-- EXERCISE DATA follows --

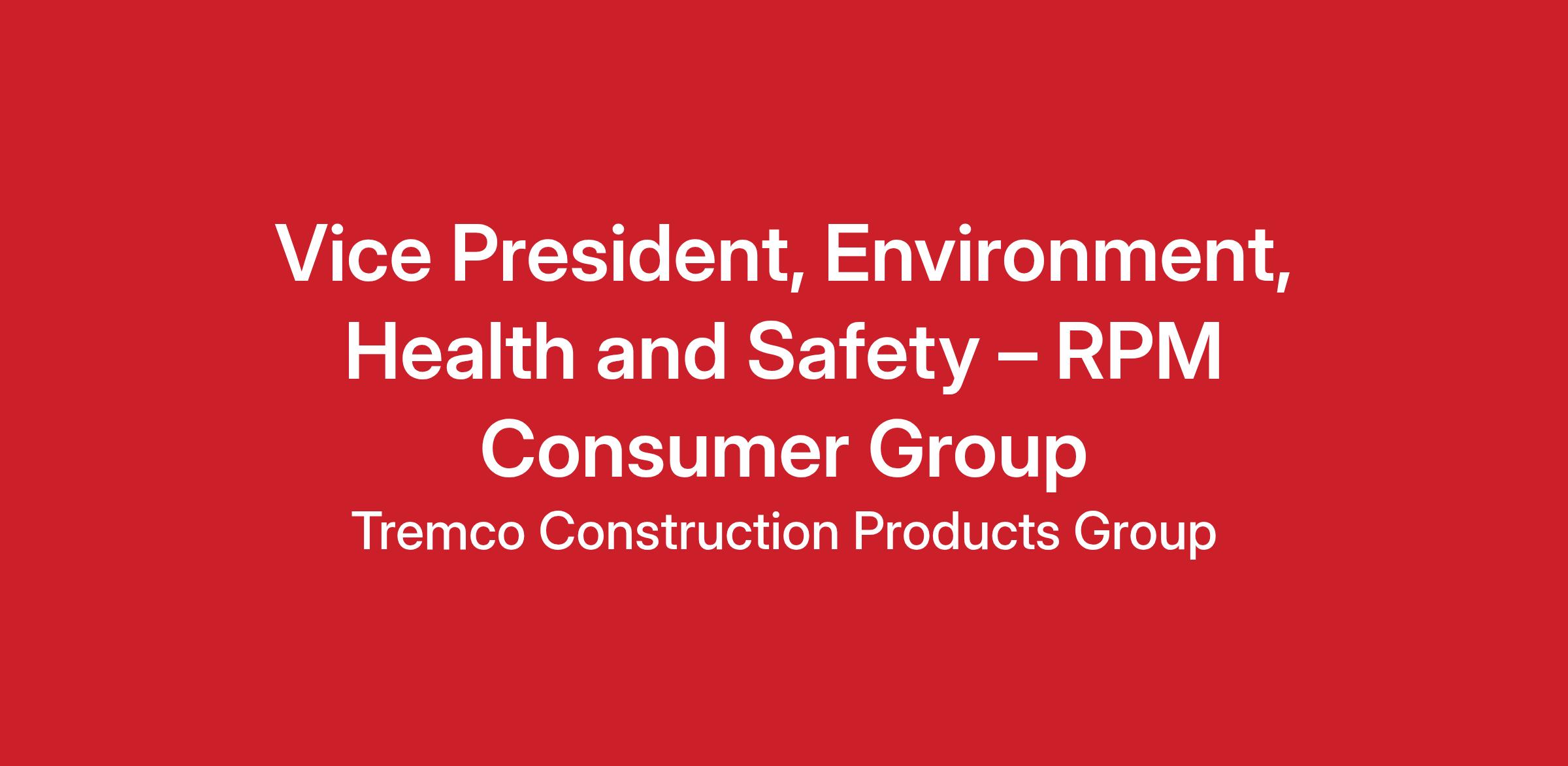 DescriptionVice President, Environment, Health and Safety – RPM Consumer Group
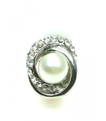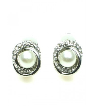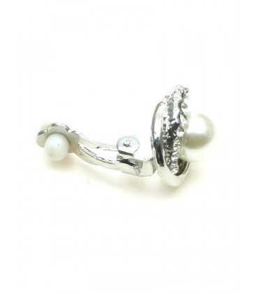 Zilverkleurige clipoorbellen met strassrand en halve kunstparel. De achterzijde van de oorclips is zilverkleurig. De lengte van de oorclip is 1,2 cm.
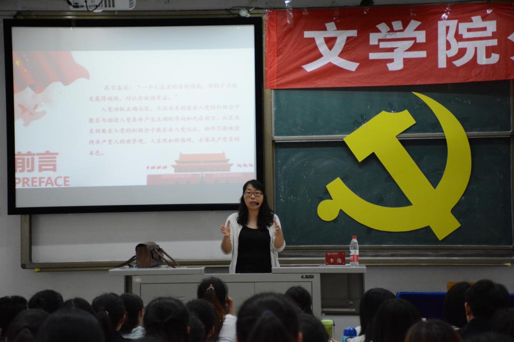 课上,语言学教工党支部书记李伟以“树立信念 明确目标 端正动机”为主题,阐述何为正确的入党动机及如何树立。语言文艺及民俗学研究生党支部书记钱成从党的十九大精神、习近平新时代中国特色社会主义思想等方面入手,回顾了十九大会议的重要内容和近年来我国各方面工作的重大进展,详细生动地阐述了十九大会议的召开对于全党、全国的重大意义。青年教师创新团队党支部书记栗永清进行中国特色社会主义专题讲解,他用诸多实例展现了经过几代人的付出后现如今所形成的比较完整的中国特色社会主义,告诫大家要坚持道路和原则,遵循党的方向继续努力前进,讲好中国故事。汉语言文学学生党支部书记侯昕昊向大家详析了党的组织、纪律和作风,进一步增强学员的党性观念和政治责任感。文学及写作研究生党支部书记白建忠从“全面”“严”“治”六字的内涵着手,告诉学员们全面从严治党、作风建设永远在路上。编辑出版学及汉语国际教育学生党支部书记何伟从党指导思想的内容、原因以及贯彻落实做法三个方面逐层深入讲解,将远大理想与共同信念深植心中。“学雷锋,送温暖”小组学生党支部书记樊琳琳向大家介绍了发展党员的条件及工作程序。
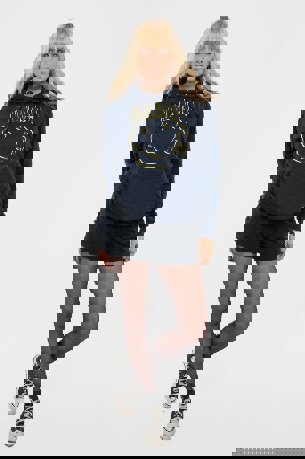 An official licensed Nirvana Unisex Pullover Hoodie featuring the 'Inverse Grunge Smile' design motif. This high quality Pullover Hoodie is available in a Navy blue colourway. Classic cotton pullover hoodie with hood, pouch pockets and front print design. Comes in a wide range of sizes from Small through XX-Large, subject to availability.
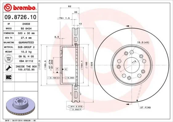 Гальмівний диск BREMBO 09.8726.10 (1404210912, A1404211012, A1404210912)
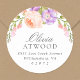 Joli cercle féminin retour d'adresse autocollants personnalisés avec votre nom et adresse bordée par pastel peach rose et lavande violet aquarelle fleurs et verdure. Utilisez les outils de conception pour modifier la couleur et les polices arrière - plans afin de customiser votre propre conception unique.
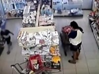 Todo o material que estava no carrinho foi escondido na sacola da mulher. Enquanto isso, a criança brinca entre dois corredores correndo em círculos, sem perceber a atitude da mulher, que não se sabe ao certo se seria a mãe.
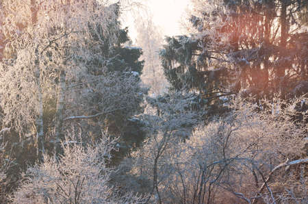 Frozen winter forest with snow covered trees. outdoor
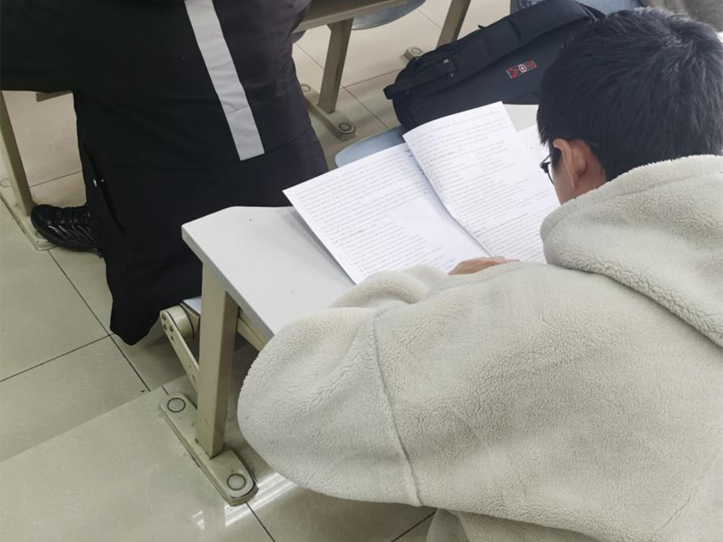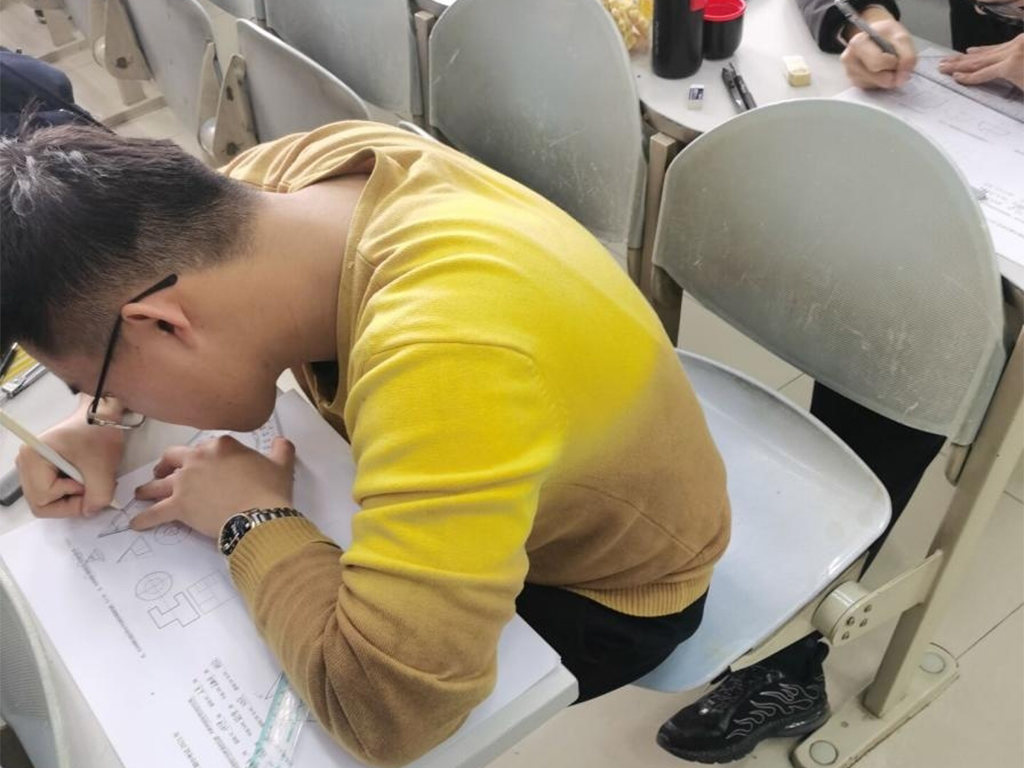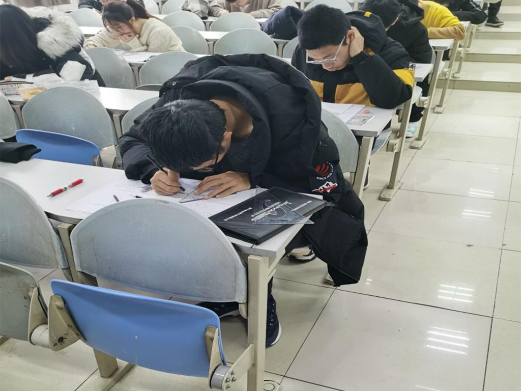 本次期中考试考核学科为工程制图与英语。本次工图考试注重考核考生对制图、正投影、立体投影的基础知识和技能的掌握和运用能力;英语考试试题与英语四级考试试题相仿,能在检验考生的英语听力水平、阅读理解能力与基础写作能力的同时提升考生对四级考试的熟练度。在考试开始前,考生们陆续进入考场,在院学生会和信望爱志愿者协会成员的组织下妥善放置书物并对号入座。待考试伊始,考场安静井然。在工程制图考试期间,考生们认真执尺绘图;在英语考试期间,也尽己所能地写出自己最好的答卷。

-- EXERCISE DATA concluded --

* _TO DO_
With the pictures left out, output the lines from the one containing "Frozen winter forest" through the last line of the records above, exactly as they are.

* _TASK RESULT_
 Frozen winter forest with snow covered trees. outdoor
 本次期中考试考核学科为工程制图与英语。本次工图考试注重考核考生对制图、正投影、立体投影的基础知识和技能的掌握和运用能力;英语考试试题与英语四级考试试题相仿,能在检验考生的英语听力水平、阅读理解能力与基础写作能力的同时提升考生对四级考试的熟练度。在考试开始前,考生们陆续进入考场,在院学生会和信望爱志愿者协会成员的组织下妥善放置书物并对号入座。待考试伊始,考场安静井然。在工程制图考试期间,考生们认真执尺绘图;在英语考试期间,也尽己所能地写出自己最好的答卷。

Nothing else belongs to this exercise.